What's the cleanest way to compare 2 dictionary?

Thu Aug 10 18:06:47 EDT 2006

John Machin wrote:
> John Henry wrote:
> > Hi list,
> >
> > I am sure there are many ways of doing comparision but I like to see
> > what you would do if you have 2 dictionary sets (containing lots of
> > data - like 20000 keys and each key contains a dozen or so of records)
> > and you want to build a list of differences about these two sets.
> >
> > I like to end up with 3 lists: what's in A and not in B, what's in B
> > and not in A, and of course, what's in both A and B.
> >
> > What do you think is the cleanest way to do it?  (I am sure you will
> > come up with ways that astonishes me  :=) )
> >
>
> Paddy has already pointed out a necessary addition to your requirement
> definition: common keys with different values.
>
> Here's another possible addition: you say that "each key contains a
> dozen or so of records". I presume that you mean like this:
>
> a = {1: ['rec1a', 'rec1b'], 42: ['rec42a', 'rec42b']} # "dozen" -> 2 to
> save typing :-)
>
> Now that happens if the other dictionary contains:
>
> b = {1: ['rec1a', 'rec1b'], 42: ['rec42b', 'rec42a']}
>
> Key 42 would be marked as different by Paddy's classification, but the
> values are the same, just not in the same order. How do you want to
> treat that? avalue == bvalue? sorted(avalue) == sorted(bvalue)? Oh, and
> are you sure the buckets don't contain duplicates? Maybe you need
> set(avalue) == set(bvalue).

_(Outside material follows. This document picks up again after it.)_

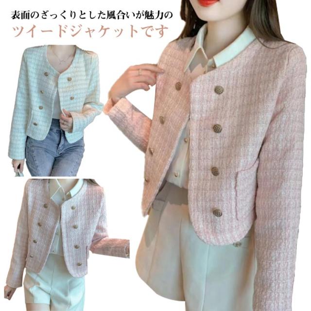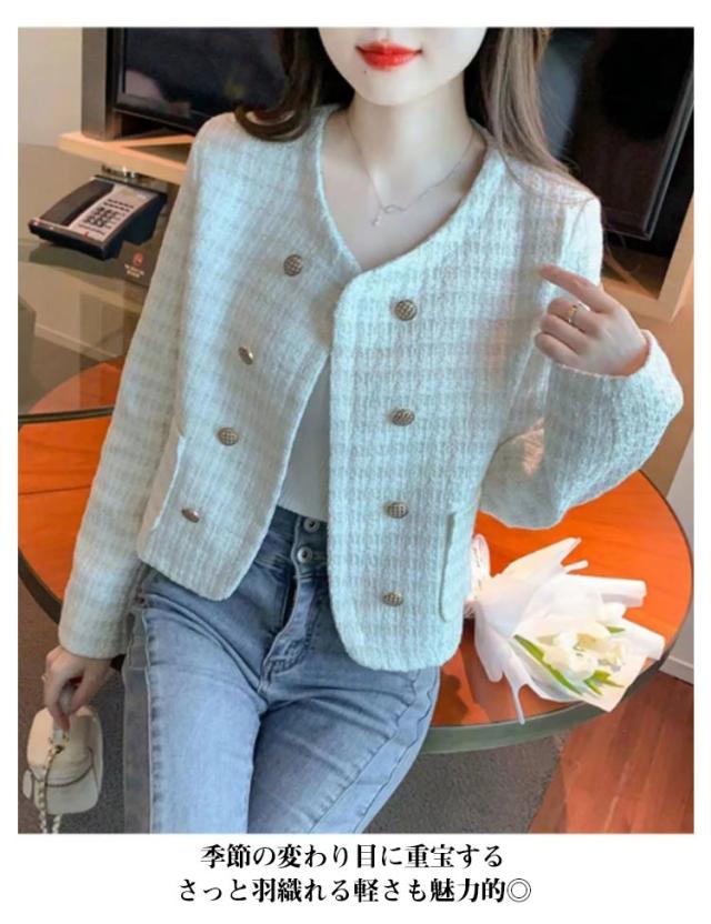 ツイードジャケット ポケット付き 羽織り ツイードジャケット アウター ジャケット ゴールドボタン ツイード ノーカラー カラーレス カジュアル 長袖ジャケット フォーマル オフィス ママスーツ ビジネス ノーカラージャケット 上品 大人 送料無料 ホワイト

What about 'rec1a' vs 'Rec1a' vs 'REC1A'?
>
> All comparisons are equal, but some comparisons are more equal than
> others :-)
>
> Cheers,
> John

Hi Johns,
The following is my attempt to give more/deeper comparison info.
Assume you have your data parsed and presented as two dicts a and b
each having as values a dict representing a record.
Further assume you have a function that can compute if two record level
dicts  are the same and another function that can compute if two values
in a record level dict are the same.

With a slight modification of my earlier prog we get:

def komparator(a,b, check_equal):
    keya=set(a.keys())
    keyb=set(b.keys())
    a_xclusive = keya - keyb
    b_xclusive = keyb - keya
    _common = keya & keyb
    common_eq = set(k for k in _common if check_equal(a[k],b[k]))
    common_neq = _common - common_eq
    return (a_xclusive, b_xclusive, common_eq, common_neq)

a_xclusive, b_xclusive, common_eq, common_neq = komparator(a,b,
record_dict__equality_checker)

common_neq = [ (key,
  komparator(a[key],b[key], value__equality_checker)  )
  for key in common_neq ]

Now we get extra info on intra record differences with little extra
code.

Look out though, you could get swamped with data :-)

- Paddy.